A d’autres d’estimer qu’elle est avant tout une triste : "Pourtant, tu t’en iras un jour de moi, jeunesse". Elle n’aura pas cessé de chanter les ans qui s’enfuient. Le Larousse peut juger l’ensemble de cette seule phrase : "Un mélange poignant de volupté, d’inquiétude, de mélancolie et de détresse caractérise cette poésie qui chante la joie païenne de l’amour et la hantise de la mort".
A d’autres de juger qu’elle n’aura jamais écrit de plus belles lignes que pour chanter les douces splendeurs d’Amphion, son plus cher refuge où elle va chercher solitude et repos : "Il n’est pas un plus pur, un plus doux paysage, Un plus familier infini". Le nom provient du fils de Zeus et d’Antiope, Amphion, le poète-musicien qui aurait bâti les murs de Thèbes : les pierres venaient se placer d'elles-mêmes au son de sa lyre. Comme l’écrit Charles Du Bos, "il règne à Amphion un calme, une épaisseur et une intensité de calme, dans lequel on est pris comme en globe infrangible et tutélaire".

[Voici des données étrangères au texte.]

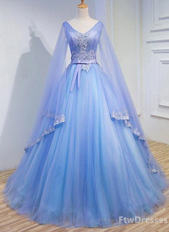 light blue tulle v neck long sleeve lace applique prom dress for teen
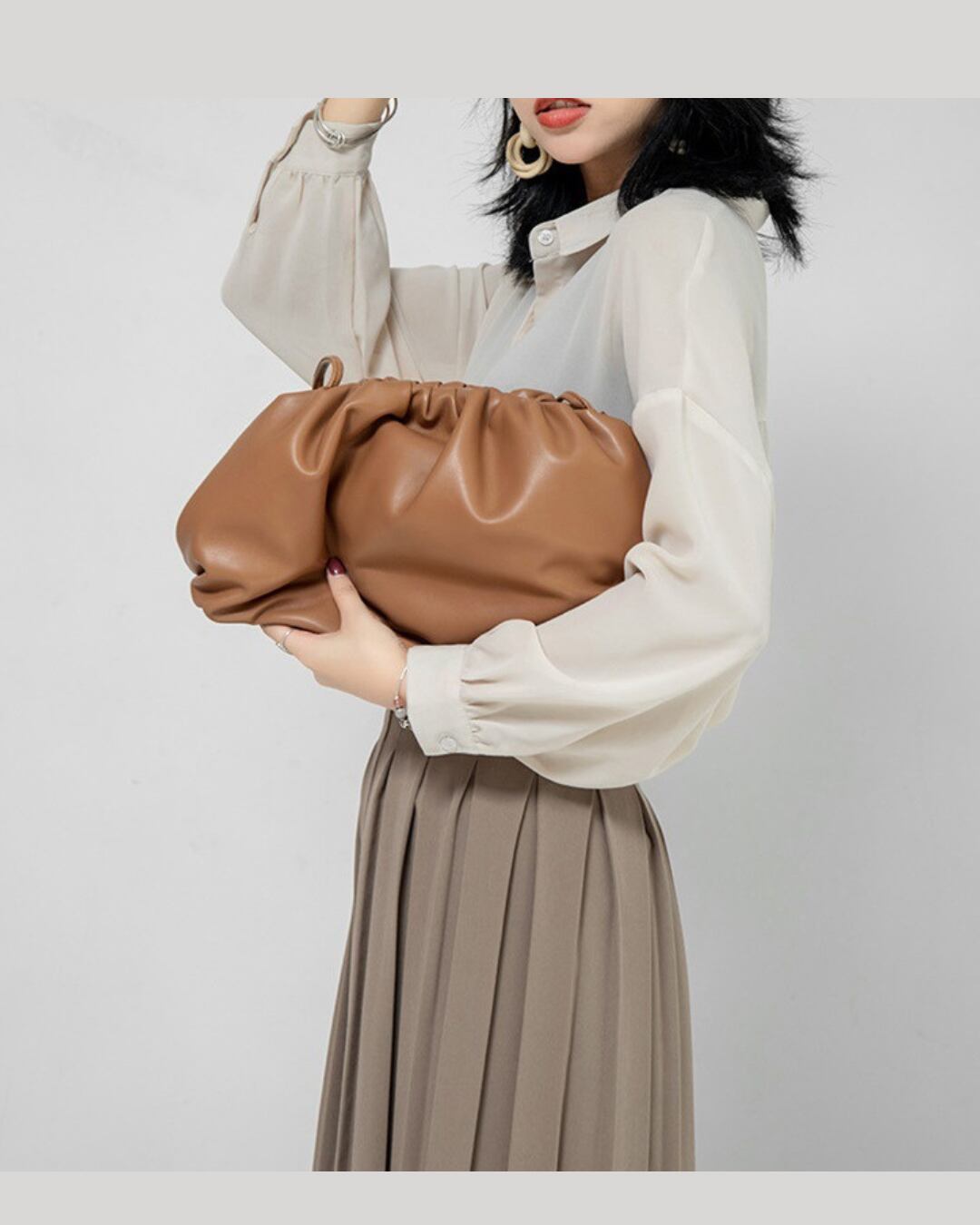 洗練されたデザインが魅力のクラッチバッグ。ドローストリングで開閉するユニークなデザインは、使いやすさと個性を両立。
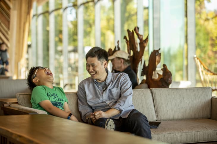 For example, the wood structures in the lodge, from the furniture to the ceiling, are a nod to a traditional park lodge, often a wood structure with wood finishes. But the design feels updated, modern, and ultimately, totally fresh. “You still have the smell of cedar and the warmth of the wood, but it’s taken to a new place in its geometry, application, and form.”
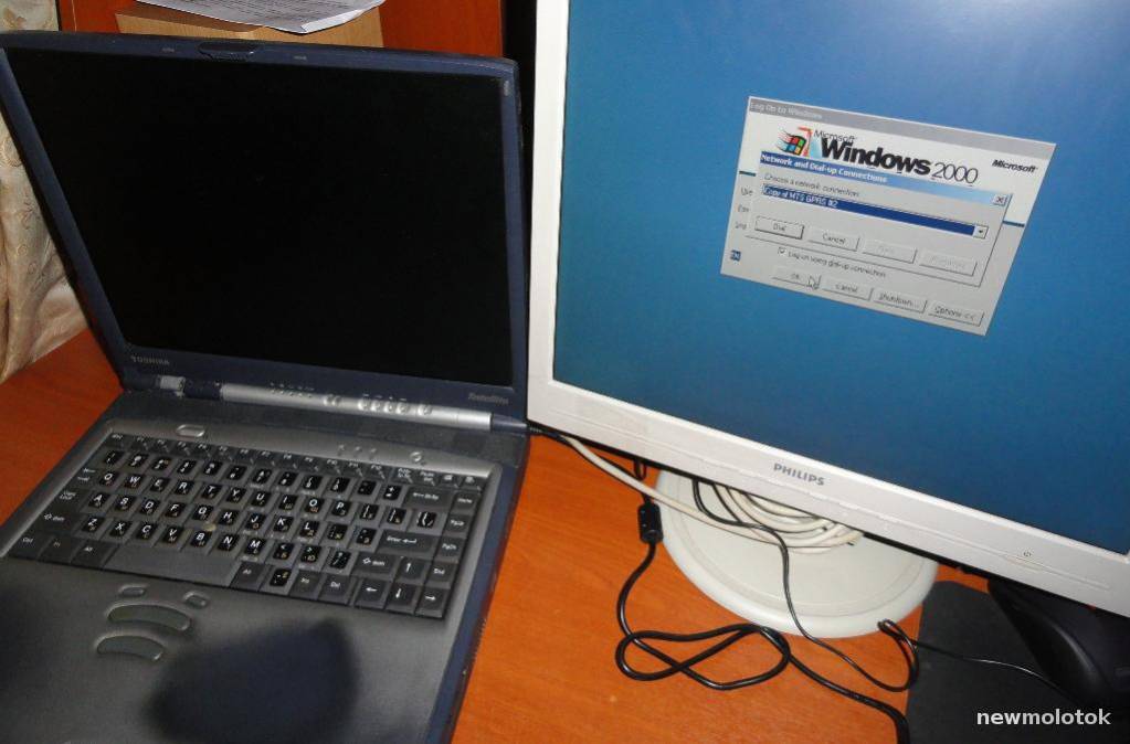 Ноут включается -Но экран темный -нет подсветки,подключал внешний монитор изображение есть на выходе,но не смог дальше посмотреть т.к. стоит пароль для входа в систему ОС Windows 2000.
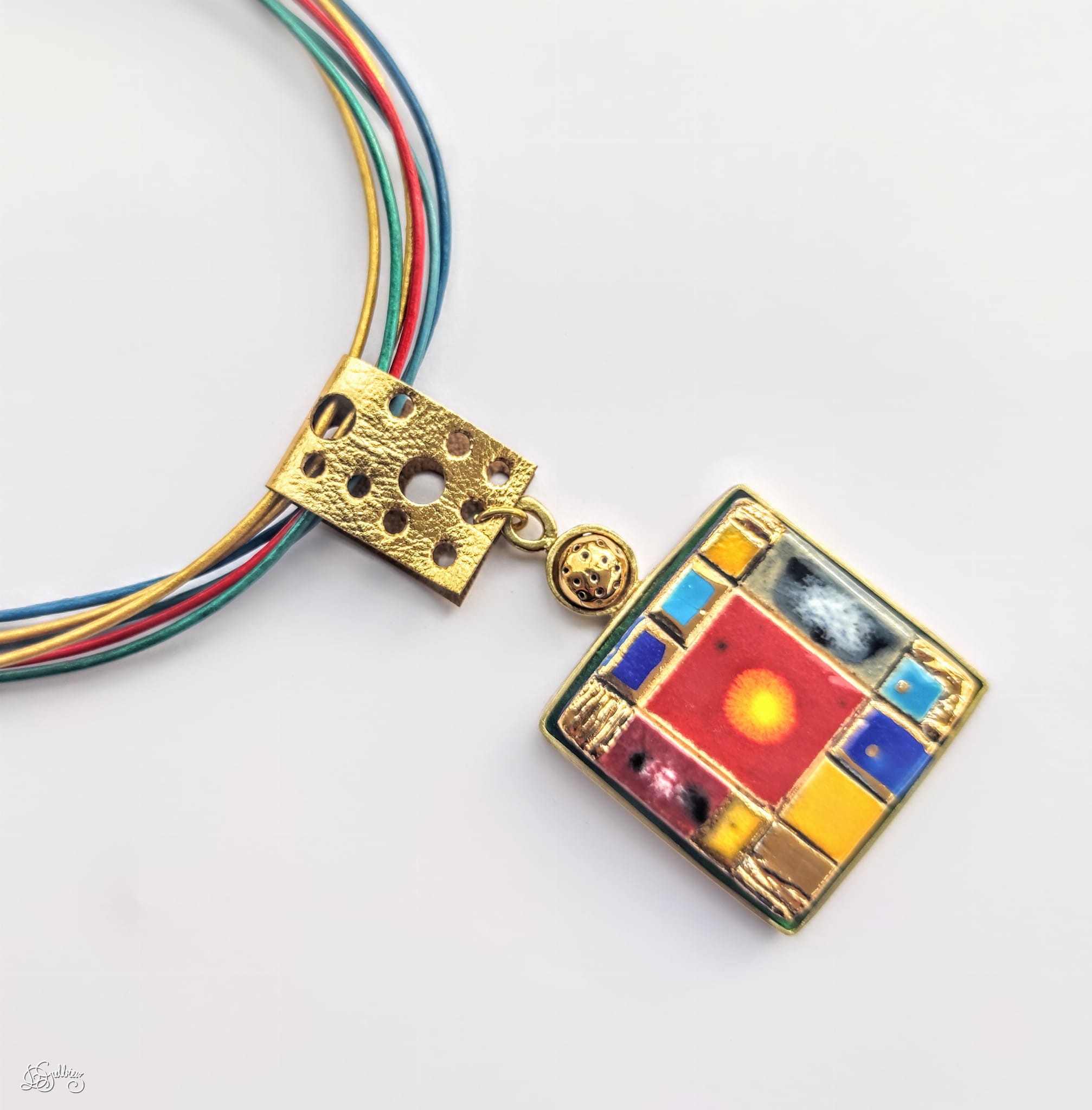 Mozaika Żywiołowa to naszyjnik łączący szlachetne materiały i precyzyjne wykonanie. Ręcznie rzeźbiona, złocona ceramika oprawiona w szczotkowany mosiądz z elementami ze srebra, zawieszona na pęku kolorowych rzemieni tworzy barwny kolaż, który pasuje do wielu kolorów. Głębokie kolory zostały osiągnięte dzięki starannemu procesowi szkliwienia. Naszyjnik może być noszony zarówno na co dzień, jak i na specjalne okazje.
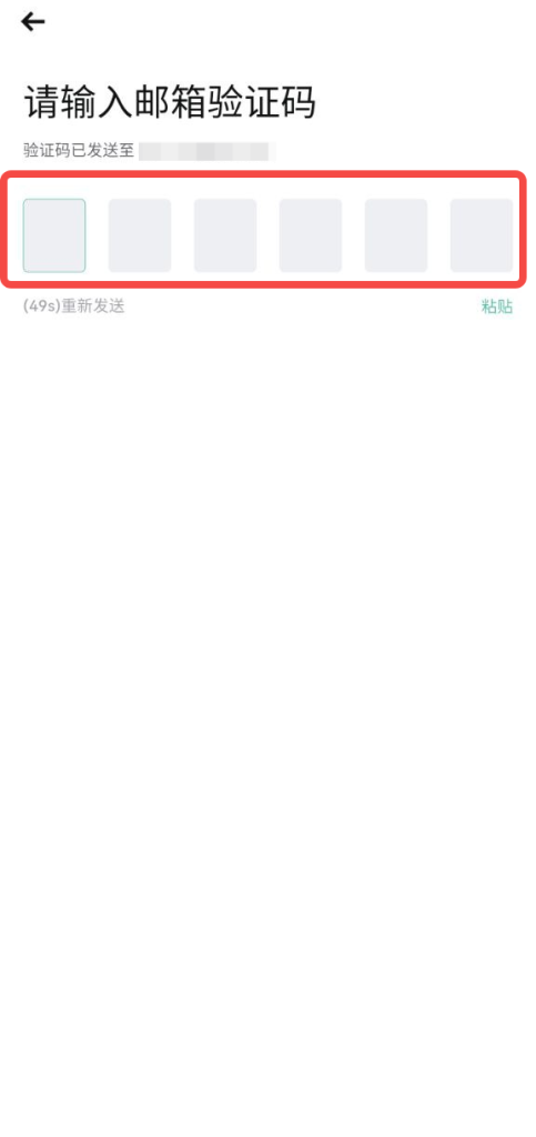 5.您将通过注册邮箱收到6位数的验证码。请在红框中【输入验证码】。如未收到请检查邮箱或重新发送验证码。

Voilà la beauté pure et pleine
D’un jour par les dieux composé ;
Mais, ô Nuit, comme vous brisez
Cette ineffable porcelaine...

Il en est ainsi : tout le bonheur du monde peut se trouver dans une simple "véranda rêveuse ". C’est vrai, cependant, la mort l’obsède, y compris quand elle pratique une sorte de stoïcisme plein d’orgueil.

J’écris pour que le jour où je ne serai plus
On sache comme l’air et le plaisir m’ont plu.[…]
Et le jour où je serai morte
Vous direz à ceux qui croiront
Que j’ai poussé la sombre porte
Qui mène à l’empire âpre et rond :
Je l’ai vue errer et sourire
Et s’en aller dans le soleil. "

Comme si elle répondait à un mystérieux appel, la mort vient même trop tôt au rendez-vous. En 1933, quand Anna a cinquante-sept ans. "Je meurs de moi-même", pourrait-elle chanter. Avec elle - comme en 1909 avec Swinburne - disparaît le dernier de ces grands lyriques qui, pareils à l’alouette de l’ode de Shelley, "répandent la plénitude de leur cœur dans la profusion d’accents d’un art non prémédité ".
Daniel-Rops, apprenant la nouvelle, pense à une phrase de D’Annunzio, dans Le Feu, devant l’annonce de la mort de Wagner : "Le monde parut diminué de valeur." Robert Brasillach la contemple, "jusque dans la mort conservant la chaleur du sang humain et cette dureté royale, jusque dans la mort cherchant à emporter les beaux présents de la lumière et des jardins, et à expliquer aux ombres la plénitude de la vie charnelle, les nuits de quinze ans, et l’odeur de l’été... ".